With the pictures omitted, transcribe each line below exactly as it is.

Data items:

======

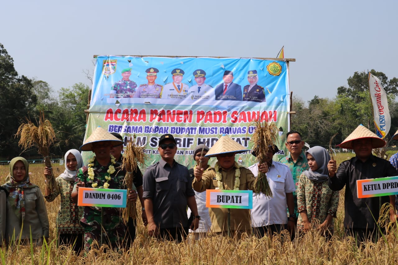 Dandim 0406/Mura Dampingi Bupati Muratara Panen Raya Padi Sawah
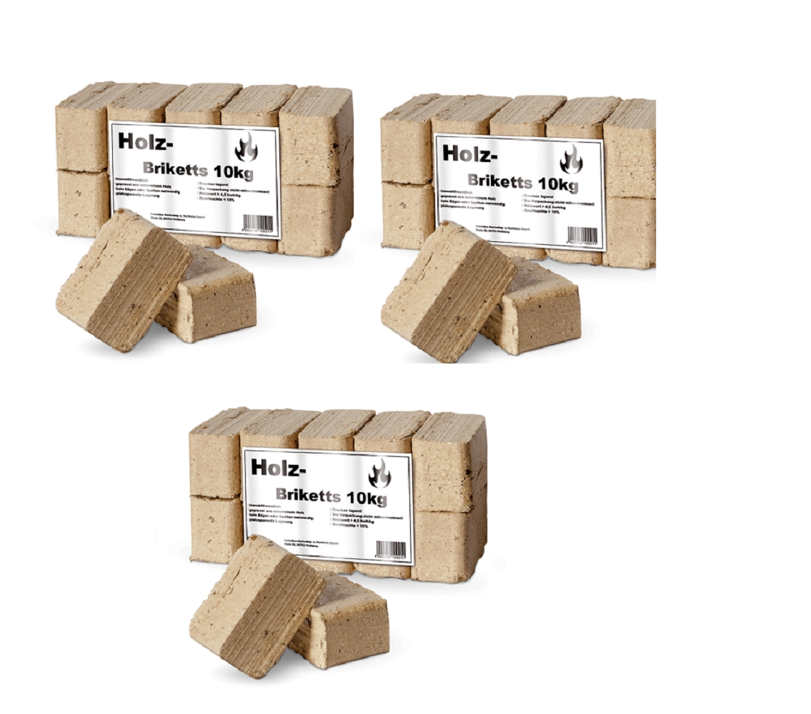 30KG Holzbriketts RUF 3x10KG Foliert Brennstoff Kamin Ofen Feuer
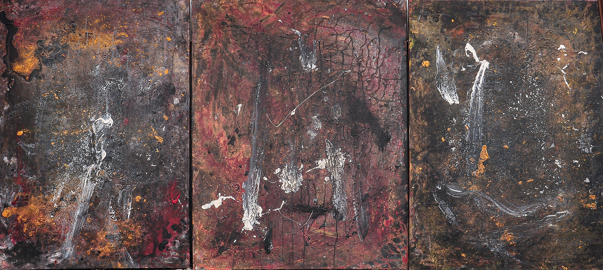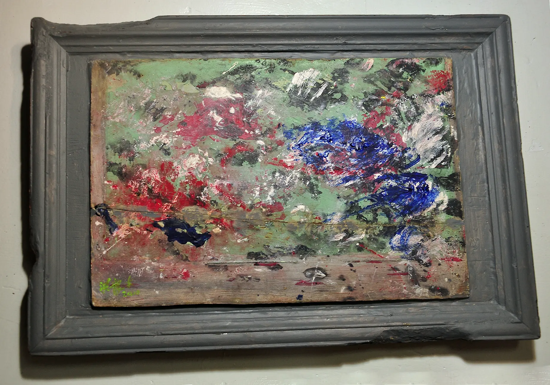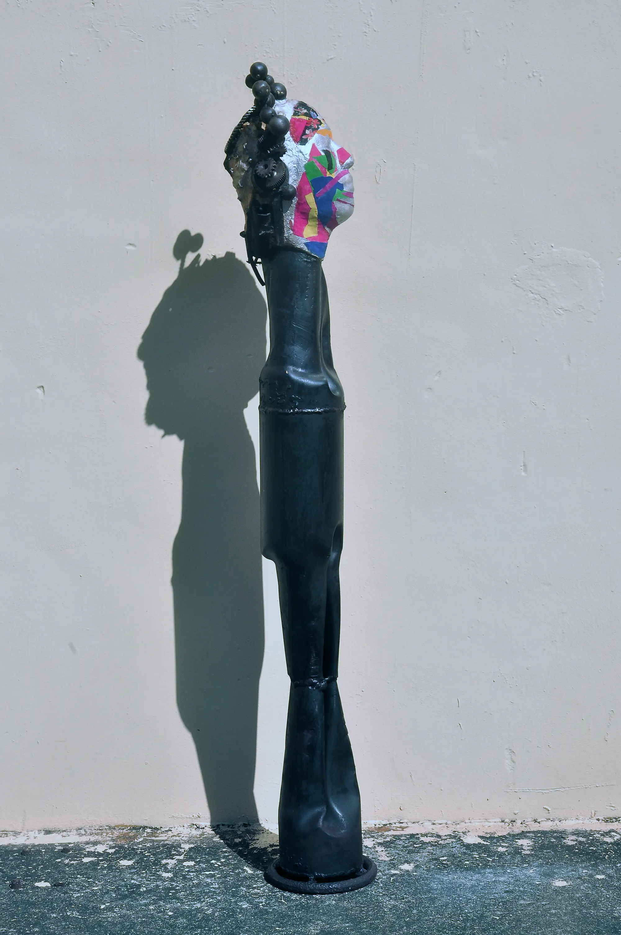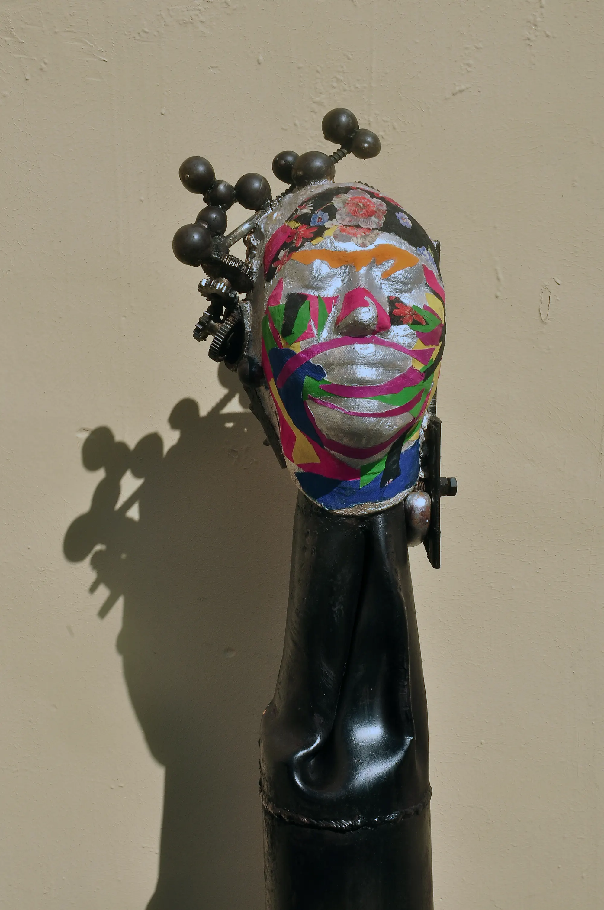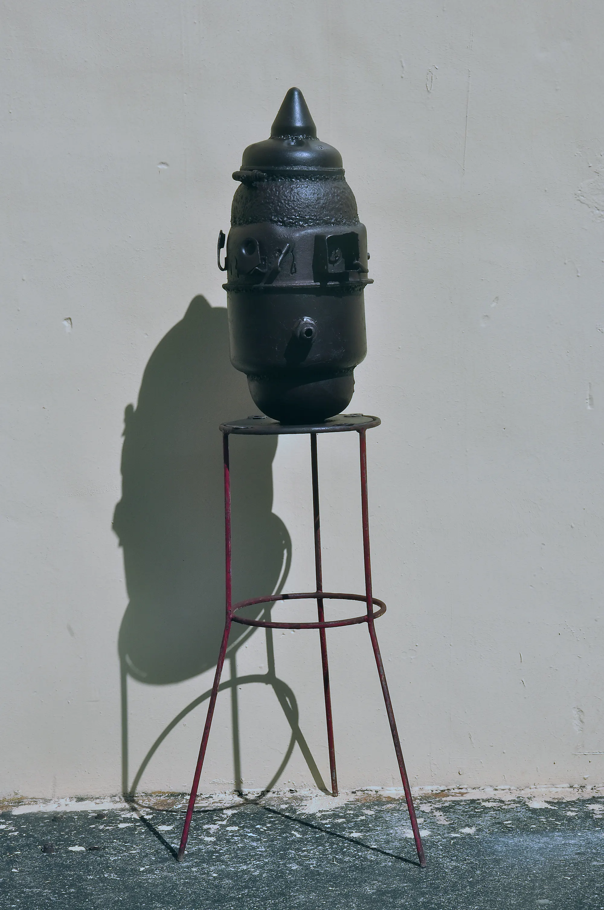 近期作品仍以鐵現成物創作媒材,創作中不事先打稿,按著意念自由建構,透過對鐵件的自然造形與身體(手)的勞動(包括燃燒與焊接),使作品呈現豐富的色彩與鐵銹况味是最大的特色。
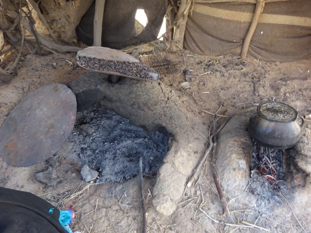 Wenn man bedenkt welches ärmliche Leben geführt wird. Wir bekamen einen Einblick wie gekocht und gebacken wird, auf offener Feuerstelle und in einem Erdloch. Gelebt wird in zwei kleinen Lehmhütten ohne Wasser und Strom. Lebensmittel und Wasser werden über weite Wege in Kanister herangeschafft. Ein Esel ist hier das Transportmittel. Ein Leben voller Entbehrungen und Arbeit.
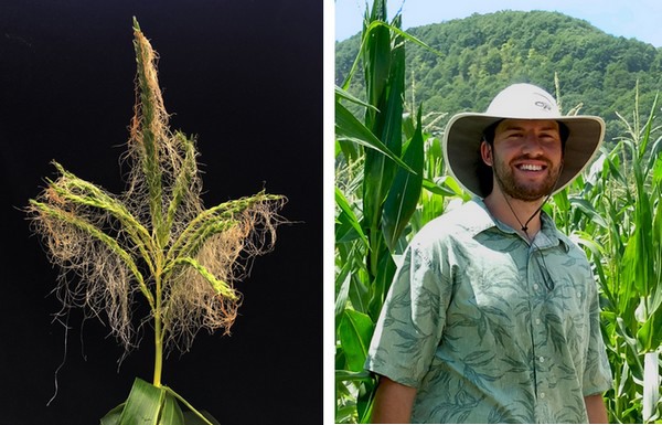 Left: Mutant maize tassels in which programmed cell death has been suppressed. Right: Harry Klein in the maize field. Credit: UMass Amherst
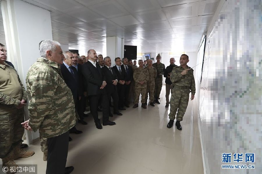 當(dāng)?shù)貢r(shí)間2月4日,土耳其哈塔伊,土耳其總理耶爾德勒姆趕往前線指揮所視察“橄欖枝”軍事行動(dòng)進(jìn)程。(圖片來(lái)源:視覺(jué)中國(guó))
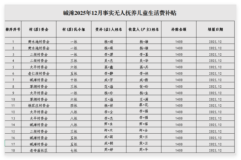 碱滩镇2025年12月事实无人抚养儿童生活费补贴
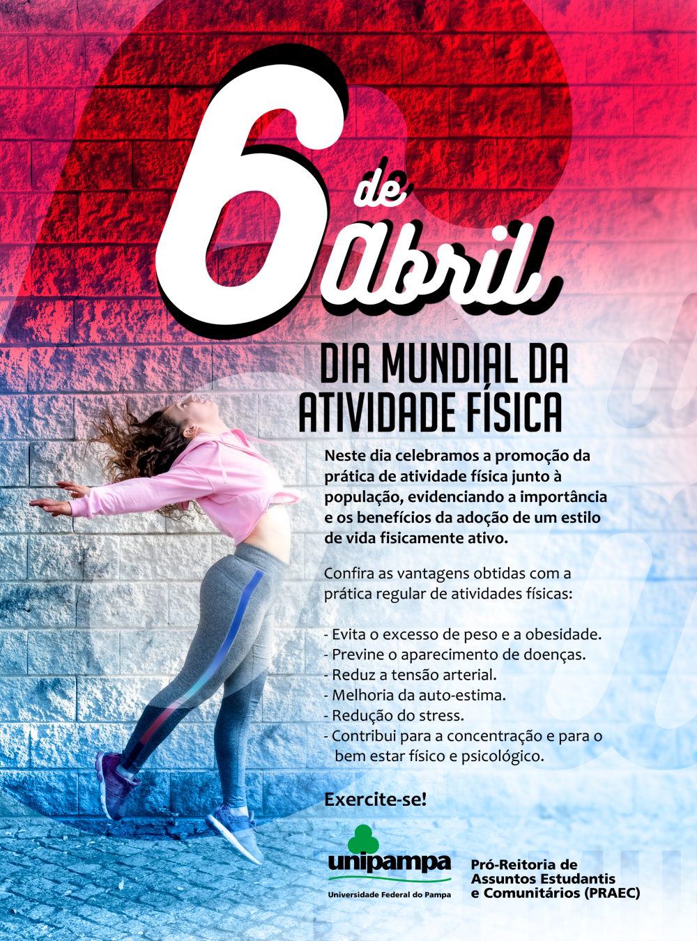 A Pró-Reitoria de Assuntos Estudantis e Comunitários (PRAEC) teve o apoio de representantes da Secretaria Municipal de Saúde de Bagé (acadêmicas do curso de enfermagem da URCAMP) e do NuDE Esporte, Cultura e Arte do campus da UNIPAMPA.

======

*Output of the exercise*:
 Dandim 0406/Mura Dampingi Bupati Muratara Panen Raya Padi Sawah
 30KG Holzbriketts RUF 3x10KG Foliert Brennstoff Kamin Ofen Feuer
 近期作品仍以鐵現成物創作媒材,創作中不事先打稿,按著意念自由建構,透過對鐵件的自然造形與身體(手)的勞動(包括燃燒與焊接),使作品呈現豐富的色彩與鐵銹况味是最大的特色。
 Wenn man bedenkt welches ärmliche Leben geführt wird. Wir bekamen einen Einblick wie gekocht und gebacken wird, auf offener Feuerstelle und in einem Erdloch. Gelebt wird in zwei kleinen Lehmhütten ohne Wasser und Strom. Lebensmittel und Wasser werden über weite Wege in Kanister herangeschafft. Ein Esel ist hier das Transportmittel. Ein Leben voller Entbehrungen und Arbeit.
 Left: Mutant maize tassels in which programmed cell death has been suppressed. Right: Harry Klein in the maize field. Credit: UMass Amherst
 當(dāng)?shù)貢r(shí)間2月4日,土耳其哈塔伊,土耳其總理耶爾德勒姆趕往前線指揮所視察“橄欖枝”軍事行動(dòng)進(jìn)程。(圖片來(lái)源:視覺(jué)中國(guó))
 碱滩镇2025年12月事实无人抚养儿童生活费补贴
 A Pró-Reitoria de Assuntos Estudantis e Comunitários (PRAEC) teve o apoio de representantes da Secretaria Municipal de Saúde de Bagé (acadêmicas do curso de enfermagem da URCAMP) e do NuDE Esporte, Cultura e Arte do campus da UNIPAMPA.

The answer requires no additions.